Between 2011 and 2015, Coca-Cola and PepsiCo sponsored 96 national health organizations, including the American Diabetes Association, the National Institutes of Health, and the Academy of Nutrition and Dietetics. During the same period, both companies lobbied against 29 public health bills, including soda taxes, warning-label requirements, advertising restrictions, and portion-size limits. In 2010, Save the Children dropped its support for soda taxes after receiving more than $5 million from Coca-Cola and PepsiCo the prior year. The Academy of Nutrition and Dietetics, which also received industry funding, issued a statement opposing New York City’s proposed large-soda portion limit.

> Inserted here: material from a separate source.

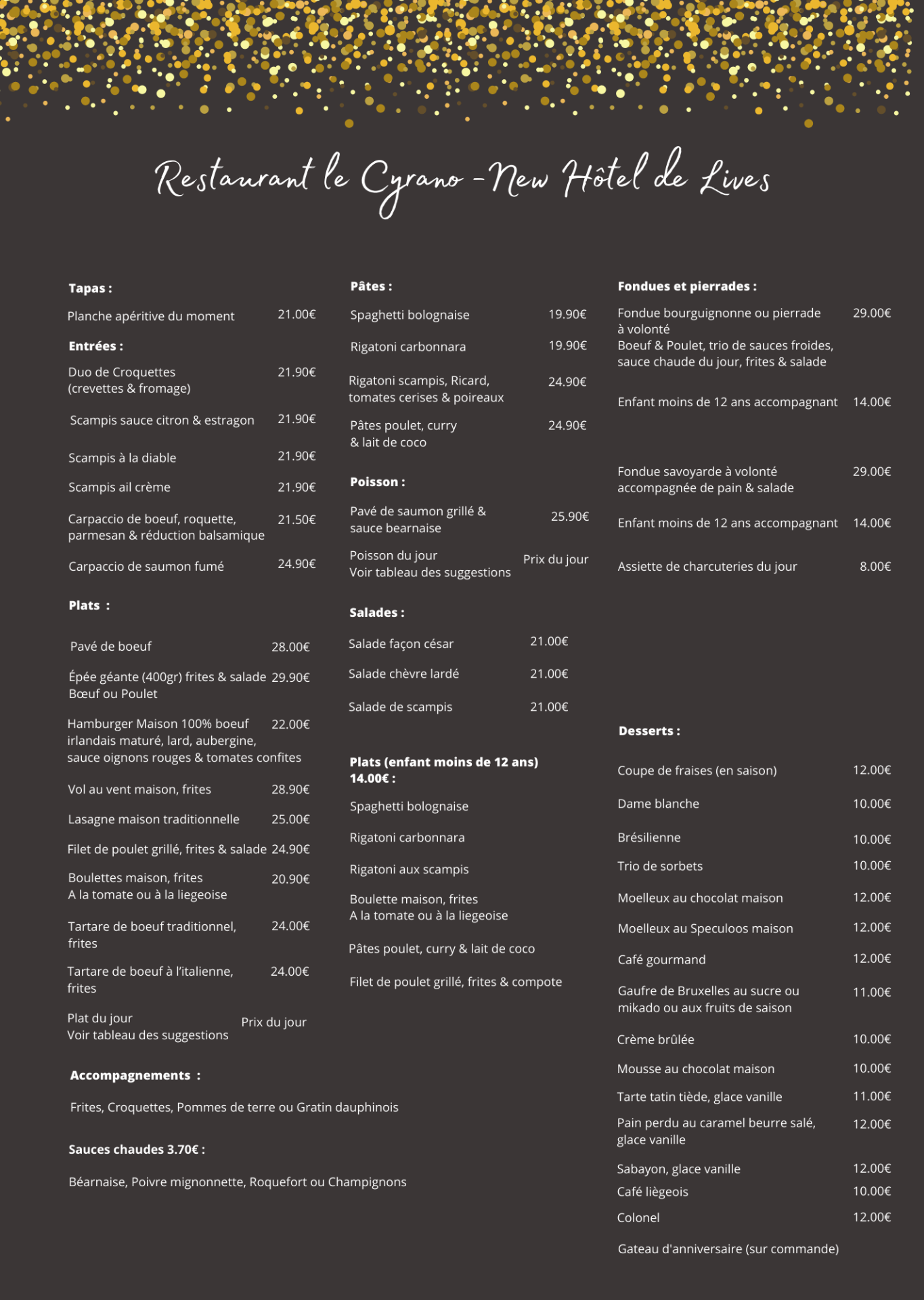 Les plats et tarifs indiqués sur cette carte en ligne sont donnés à titre informatif et peuvent être modifiés sans préavis. Seule la carte disponible au restaurant fait foi.

The pattern has the same architecture as Pharma’s relationship with medical journals: fund the researchers, shape the guidelines, capture the watchdogs, and when regulatory pressure builds, commission industry-affiliated meta-analyses to manufacture uncertainty. A 2016 Annals of Internal Medicine review funded by the International Life Sciences Institute, itself funded by Coca-Cola, Dr. Pepper Snapple Group, PepsiCo, and Nestle, claimed that dietary sugar guidelines were not trustworthy. The peer-reviewed literature criticizing this review for scientific flaws and undisclosed conflicts of interest was less visible to the public than the original.

As sales have softened in wealthy countries, Coca-Cola and PepsiCo have accelerated expansion into low- and middle-income countries (LMICs) with the full toolkit: youth-targeted marketing, sports sponsorships, pouring rights contracts with schools and universities, and political access to block sugar taxes wherever they are proposed. The harm is being exported along with the product.

Tea and the alternatives: a partial defense of nature

Tea deserves its own accounting because it is substantively different from what Starbucks and Coca-Cola sell under the tea brand. Traditional green, black, and white teas from Camellia sinensis contain caffeine at considerably lower doses than coffee: 30 to 70 mg per 8-ounce cup, compared with 95 to 200 mg for drip coffee. They also contain L-theanine, an amino acid that modulates the CNS effects of caffeine by promoting alpha-wave brain activity, producing alertness without the anxiety and cardiovascular spike that pure caffeine generates. The combination appears to explain why green tea at moderate doses is associated with reduced all-cause mortality in large Asian cohort studies, while high-dose coffee consumption shows more mixed cardiovascular data.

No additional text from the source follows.